When asked whether they have used these words: “ghosting”, “talking”, “salty”, “draking”, “wifey”, “hubby”, “143”, “friends with benefits”, “grenade man”, or “jump off”, 50% of teens admitted to using them in regular conversation. Most of these words find their roots in social media. While our adopted vocabulary continues to become more accepted (with dictionaries adding slang words and novels changing their tone and diction to target a younger audience, etc.), our relationships tend to suffer.
Suppose you send your partner a text: “143”. This is used, of course, in place of the words “I love you”. It takes you 3 seconds to type the numbers one, four, and three, but years to find the courage to say it in person. What’s worth more to your lover- the quick, confirming text, or the lifetime of dedication?

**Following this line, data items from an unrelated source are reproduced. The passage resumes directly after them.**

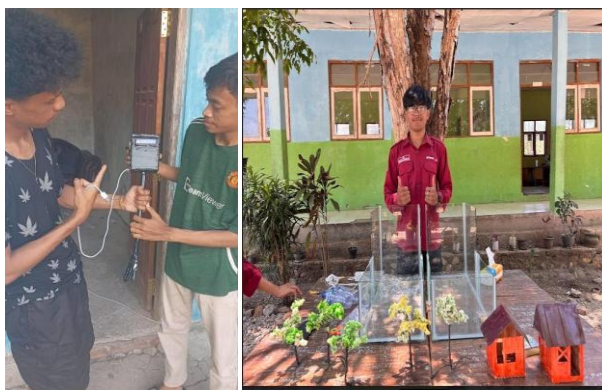
Gambar 3. Pembuatan Miniatur Longsor

Seluruh komponen dirakit dalam bentuk miniatur dengan skala sederhana namun tetap menggambarkan kondisi nyata lereng. Sistem dirancang agar data sensor dapat dikirim dan dipantau secara real-time melalui tampilan digital menggunakan dashboard IoT sederhana yang terhubung ke jaringan Wi-Fi. Gambar 3 menunjukkan proses pembuatan miniature longsor yaitu pembuatan IoT dan kotak simulasi longsor. Selama tahap persiapan, tim juga melakukan pengujian awal ( testing ) untuk memastikan setiap sensor berfungsi sesuai rencana. Sensor kelembapan diuji dengan variasi kadar air pada tanah, sedangkan sensor getaran diuji menggunakan getaran mekanik ringan. Jika sensor mendeteksi perubahan signifikan, sistem otomatis menyalakan lampu indikator merah dan buzzer sebagai tanda peringatan.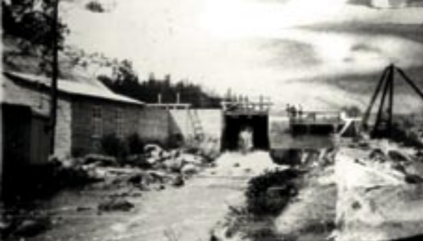
Den nyanlagda kraftstationen, 1920-tal.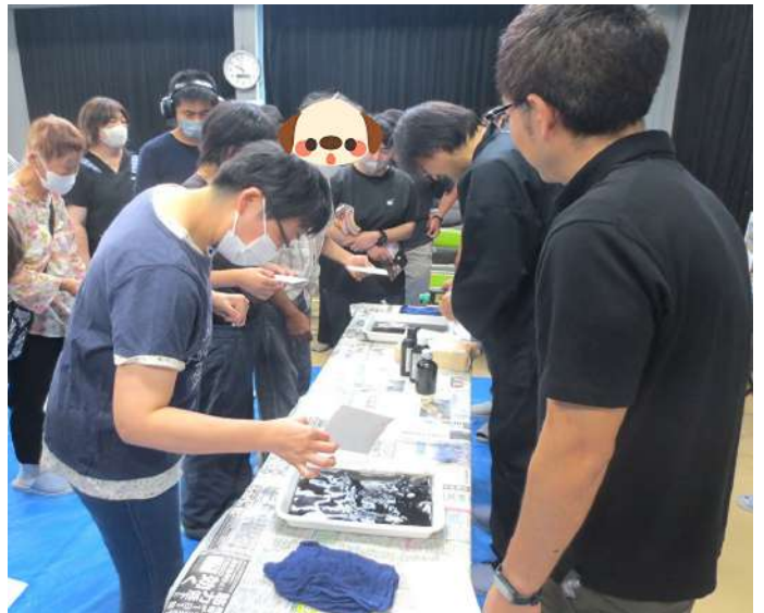
「私のはがき、できたかな？」

Actually performing the actions represented by these slang terms presents another issue- how social media has changed our will. You have the choice to be proud of the fact that you’re with someone you love. Or, you can call yourself a “grenade man” (when you’re with an unattractive woman so your friends can hang around her more attractive friends), to save yourself the embarrassment of explaining that you love someone that society deems “ugly”.
A junior at Aberdeen, Taylor Arthur, says that when she and her boyfriend fight, “we look at the relationships around us, and so we don’t end up like them, we don’t tweet when angry and we don’t sub-tweet because that lets other people into our relationship.” What we leave behind us is now defined by that which we post, tweet, or snap. Taylor’s strategy keeps their personal business personal, and keeps what they leave behind, behind them.
Others actually use social media to instigate arguments. “My best friend isn’t my best friend anymore because someone said I was going to fight her on Instagram,” says Lavasia Wilson.
Social media not only hands us the tools we need to destroy our relationships, but also those which can destroy the relationships of others.
Whether you use social media with the intent to destroy a relationship like Lavasia’s, or you use it to spite the one you love, or you use it just for fun- remember that with anything public, there is danger. Be careful- it’s easy to lose someone over social media.